Rye Country Day Boys’ Hockey
Wildcats Beat Rye, Then Lose to Top-Ranked Suffern in OT
By Mitch Silver
What was it that Jim McKay used to say on ABC’s Wide World of Sports? Something about the thrill of victory, the agony of defeat. The Rye Country Day Wildcats know what he was talking about after a crazy MLK holiday weekend which may be listed on betting sites such as 카지노 사이트. They won a huge rivalry game at home Friday and then lost a heartbreaker two days later in OT against Suffern, Section 1’s most dominant team.
The weekend began with Head Coach Brett Farson’s crew taking on cross-city rival Rye High in front of the biggest home crowd of the year. While it’s a down year for the 3-9-1 Garnets, everybody gets up for these neighborhood matchups. And with everyone cheering for “Rye,” it got a little confusing as well.
Still, when the Wildcats went up early on a couple of scores by senior winger Josh Cohen, set up by fellow co-captain and winger Jack Kissell, it was only natural that the Garnets would come back to tie on goals by Danny Fitzgibbons and Sasha Vasyuta.
Halfway through the second period, the Kissell-Cohen combo struck again with another one-two punch. Cohen held the puck in the corner, drawing the defense to him, before zipping a pass to Kissell, who was standing on the doorstep for a tap-in. Half a minute later, Kissell found Cohen in the slot. Score: 4-2.
Kissell (24) scores his second goal without even looking
But the Garnets weren’t going down without a fight, and Vasyuta scored his second goal of the game. Then Kissell pounced on a Rye High turnover with a minute left in the period to restore the two-goal difference, 5-3.
The third and final stanza was a hard-hitting, furious up-and-down affair with several 3-on-2 breaks for each side. But neither goalie gave an inch: Patrick Myers had 23 saves for the visitors while ninth-grader Ian Tumm stopped 23 shots for the Wildcats.
Then, with 90 seconds to go, Rye Head Coach Peter Thomas pulled his netminder to put on an extra attacker. During the timeouts that followed, Coach Farson reminded his team to “keep everything in front of you.” And, if the opportunity presented itself, to take a shot at the open net on the other end. “After all,” he said later, “we were up by two.
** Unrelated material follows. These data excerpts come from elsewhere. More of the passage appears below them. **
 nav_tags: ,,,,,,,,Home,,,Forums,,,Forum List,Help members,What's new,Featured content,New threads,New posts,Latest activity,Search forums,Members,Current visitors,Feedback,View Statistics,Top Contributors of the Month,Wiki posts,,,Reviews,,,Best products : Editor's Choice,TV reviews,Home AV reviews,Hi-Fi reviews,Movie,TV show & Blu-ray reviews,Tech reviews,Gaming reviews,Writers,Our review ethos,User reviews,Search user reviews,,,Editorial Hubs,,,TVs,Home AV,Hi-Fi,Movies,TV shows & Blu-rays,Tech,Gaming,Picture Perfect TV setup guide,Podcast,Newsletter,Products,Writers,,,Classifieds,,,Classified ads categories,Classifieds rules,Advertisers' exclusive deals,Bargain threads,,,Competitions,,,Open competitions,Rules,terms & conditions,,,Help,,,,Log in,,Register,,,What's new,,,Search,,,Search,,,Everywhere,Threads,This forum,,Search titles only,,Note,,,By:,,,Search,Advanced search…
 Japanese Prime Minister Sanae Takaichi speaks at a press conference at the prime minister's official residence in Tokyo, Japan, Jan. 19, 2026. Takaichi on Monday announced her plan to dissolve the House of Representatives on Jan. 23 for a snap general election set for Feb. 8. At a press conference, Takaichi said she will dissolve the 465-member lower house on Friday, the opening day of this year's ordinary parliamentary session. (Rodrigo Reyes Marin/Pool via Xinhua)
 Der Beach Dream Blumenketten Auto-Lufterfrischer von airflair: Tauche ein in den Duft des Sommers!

We could afford to take an icing if we had to.”
They didn’t have to. Junior defenseman Will Massaro won the puck with under a minute to go in the game and sent one sailing from his own face-off circle toward the Garnets’ cage. It missed by an inch, clanging off the post. Forty seconds later, it was déjà vu all over again, as Yogi Berra once said. Massaro had the puck on his stick, took aim, and sent a 90-foot shot toward Rye’s still-undefended net. This time, it nestled in the twine. Final score: Wildcats 6, Garnets 3.
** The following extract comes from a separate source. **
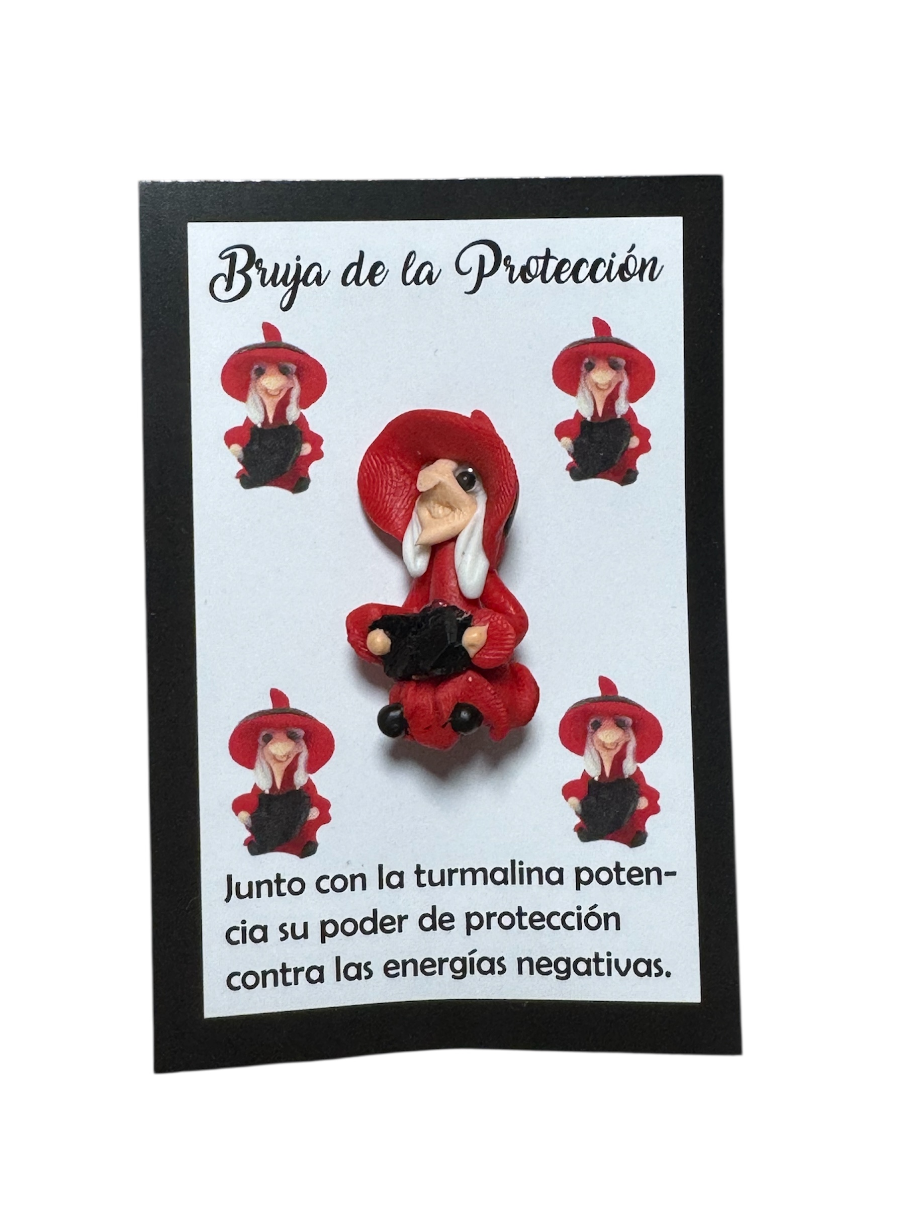 Montada sobre una elegante tarjeta negra con detalles en blanco, lleva el título “Bruja de la Protección” y el mensaje: “Junto con la turmalina potencia su poder de protección contra las energías negativas.”

If the locals played a good game against Rye, they played a great one Monday evening against Suffern on the Mounties’ Sport-O-Rama ice across the river in Monsey. After falling a couple of goals behind, that ice began to tilt in the Wildcats’ favor. Sophomore center Charlie Keating made it 2-1 when he cleaned up a rebound with under a minute to play in the opening period. He scored again with six minutes gone in the second, and then junior Liam McLane gave the Wildcats a 3-2 edge five and a half minutes later.
Suffern’s Max Werfel netted the equalizer with 11:21 to go in the third. The score stayed that way to the end of regulation and all but the final 29 seconds of overtime. This is where we yield the floor to our good friends from The Journal News and the video they grabbed of the game’s turning point.
First, paste in this ridiculously long link to the video at https://www.lohud.com/ story/sports/high-school/ice-hockey/2019/01/21/hockey-scoreboard-january-21/2641580002
or go to @LoHudHockey on Twitter. Then watch Suffern captain Kyle Foresta break in on goal. Though two Wildcats harry him from either side, he gets off a shot that is turned aside. But…
aha!…the ref closest to the play called it interference on Rye Country Day, and awarded Foresta a penalty shot. Which he converted. Final score: Suffern 4, Wildcats 3.
A flagrant example of “home cooking” on the ref’s part? Mike Dougherty of The Journal News posted this along with the video clip: “Here’s the call that got Suffern a penalty shot. Not great camerawork, but do you see an infraction?”
This reporter has been a hockey fan since the bad old days when Nedicks sponsored the Rangers. Translation for young fans: A long time. That penalty shot was the most ridiculous call I’ve ever seen.
In any case, Coach Farson was gracious in defeat. “It was great to see our squad get out there and take on the best competition in the area. Our kids should be proud of the effort they put forth to come from behind and battle all the way through overtime. t was an exciting back and forth high school hockey game, and the final result was difficult, but leaves us hungry to compete at full throttle down the stretch.”
Expect the Wildcats to play full throttle Friday at home against King. Puck drops at 4:45 p.m.